No deliveries starting April 7th thru 28th. At least that's what I thought. Are you there for the X6 intros, training? 
I squeaked in on the 3rd, before it shuts down.


----------



## IrvRobinson (May 10, 2006)

I'll be there on the last day of the ride & drive....the 18th,arriving on the 17th....


----------



## JSpira (Oct 21, 2002)

keithsimp said:


> No deliveries starting April 7th thru 28th. At least that's what I thought. Are you there for the X6 intros, training?
> I squeaked in on the 3rd, before it shuts down.


Didn't realize there were zero deliveries. I'm there for the international press launch.


----------



## I-Won-Today (Feb 21, 2007)

JSpira said:


> Didn't realize there were zero deliveries. I'm there for the international press launch.


I'll be there... definetely ask for me when your here. It would be great to meet in person.

Deliveries are pretty much shut down for the entire month of April.
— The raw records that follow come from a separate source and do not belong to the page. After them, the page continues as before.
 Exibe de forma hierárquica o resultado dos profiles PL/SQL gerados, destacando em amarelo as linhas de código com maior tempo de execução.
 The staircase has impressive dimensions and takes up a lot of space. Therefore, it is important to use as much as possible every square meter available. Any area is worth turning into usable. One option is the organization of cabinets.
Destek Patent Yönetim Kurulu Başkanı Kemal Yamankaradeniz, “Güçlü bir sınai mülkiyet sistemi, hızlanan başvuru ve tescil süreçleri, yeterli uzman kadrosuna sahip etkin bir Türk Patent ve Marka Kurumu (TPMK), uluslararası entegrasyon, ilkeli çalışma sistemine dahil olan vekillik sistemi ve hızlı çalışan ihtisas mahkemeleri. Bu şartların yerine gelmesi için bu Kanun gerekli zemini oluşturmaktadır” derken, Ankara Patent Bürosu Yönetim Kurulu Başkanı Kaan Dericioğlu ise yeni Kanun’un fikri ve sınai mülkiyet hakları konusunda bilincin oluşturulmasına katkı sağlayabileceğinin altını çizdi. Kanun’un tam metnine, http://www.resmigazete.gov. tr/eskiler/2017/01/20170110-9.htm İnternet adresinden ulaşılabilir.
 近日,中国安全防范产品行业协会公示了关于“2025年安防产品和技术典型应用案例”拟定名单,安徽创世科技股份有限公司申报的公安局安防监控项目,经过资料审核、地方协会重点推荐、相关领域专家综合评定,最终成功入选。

They will be utilizing our entire facility for the 1, M3, and X6 ride and drive. We will also be conducting some of the training for the CA's during that event. Not sure yet if we will have any involvement with the press launch at this time.

Hope to see you soon :thumbup:


----------



## KevinC (Oct 29, 2005)

I-Won-Today said:


> Deliveries are pretty much shut down for the entire month of April. They will be utilizing our entire facility for the 1, M3, and X6 ride and drive.
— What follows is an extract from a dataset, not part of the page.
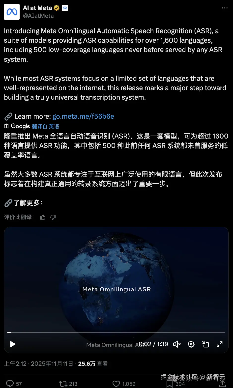 「【新智元导读】在 7000 多种人类语言中,只有少数被现代语音技术听见,如今这种不平等或将被打破。Meta 发布的 Omnilingual ASR 系统能识别 1600 多种语言,并可通过少量示例快速学会新语言。以开源与社区共创为核心,这项技术让每一种声音都有机会登上 AI 的舞台。」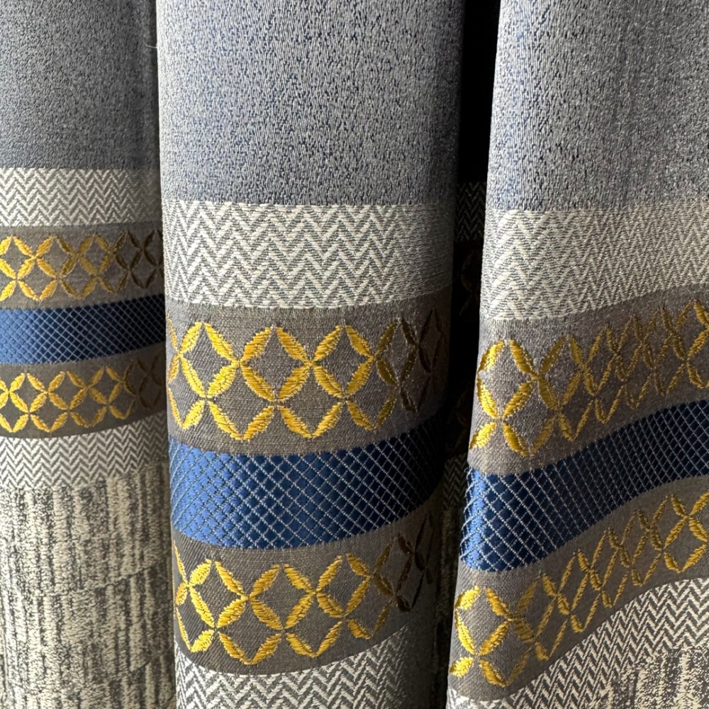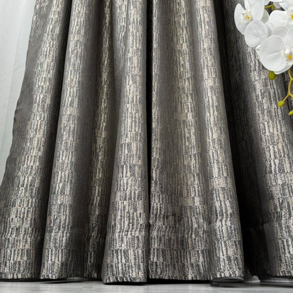 Ceea ce face draperiile cu adevărat remarcabile sunt detaliile aurii. Aceste insertii metalizate adaugă un element de strălucire și glamour, creând un contrast elegant cu textura mată a materialului. Fie că sunt plasate într-un living, într-un dormitor sau într-o sală de mese, draperiile cu insertii aurii atrag atenția și conferă o notă de opulență.

My company has a corporate event booked for the 29th.. we WILL be able to drive that day, no? This will be my second such event.. first time was a couple of years ago, M Coupes yet.. can't wait to drive my "own" car on the track.


----------



## I-Won-Today (Feb 21, 2007)

KevinC said:


> My company has a corporate event booked for the 29th.. we WILL be able to drive that day, no? This will be my second such event.. first time was a couple of years ago, M Coupes yet.. can't wait to drive my "own" car on the track.


You'll be fine :thumbup:

The last day for the dealer launch of those vehicles is April 24th. The following week will back to normal.
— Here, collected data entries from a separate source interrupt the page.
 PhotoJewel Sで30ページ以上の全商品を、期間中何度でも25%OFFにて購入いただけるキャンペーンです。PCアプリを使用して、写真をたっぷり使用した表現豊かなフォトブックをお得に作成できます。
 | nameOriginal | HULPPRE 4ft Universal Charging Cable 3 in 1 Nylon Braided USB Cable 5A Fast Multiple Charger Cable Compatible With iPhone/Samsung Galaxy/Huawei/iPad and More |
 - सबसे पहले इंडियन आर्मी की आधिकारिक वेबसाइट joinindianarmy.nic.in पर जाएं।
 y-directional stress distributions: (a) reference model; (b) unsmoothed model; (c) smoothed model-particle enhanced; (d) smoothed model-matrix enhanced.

We do have the M Coupes in our fleet now. The only vehicle we are missing is the 1 series. We should have those by the end of April.

Enjoy!


----------



## JSpira (Oct 21, 2002)

I-Won-Today said:


> I'll be there... definetely ask for me when your here. It would be great to meet in person.
> 
> Deliveries are pretty much shut down for the entire month of April. They will be utilizing our entire facility for the 1, M3, and X6 ride and drive. We will also be conducting some of the training for the CA's during that event. Not sure yet if we will have any involvement with the press launch at this time.
> 
> Hope to see you soon :thumbup:


Now that I'm in Spartanburg and looking at the agenda, I see we actually don't make it over to the Performance Center. Instead we drive tomorrow to the Michelin Proving Ground and back. Looks like a fun drive. X6 looks pretty sweet too.


----------



## KevinC (Oct 29, 2005)

I-Won-Today said:


> We do have the M Coupes in our fleet now. The only vehicle we are missing is the 1 series. We should have those by the end of April.


Hmm, our date is the 29th, maybe they'll have _just_ arrived. I'd really like to drive the 1. The first group I attended with was huge, so every time we got out on the track, there was a near-instant logjam of cars. This group should be much smaller. :thumbup:


----------



## cha777 (Sep 19, 2006)

Are they doing the German press show in OberPfaffelbachen?


----------



## JSpira (Oct 21, 2002)

cha777 said:


> Are they doing the German press show in OberPfaffelbachen?


They were but the satnav couldn´t find it :rofl:


----------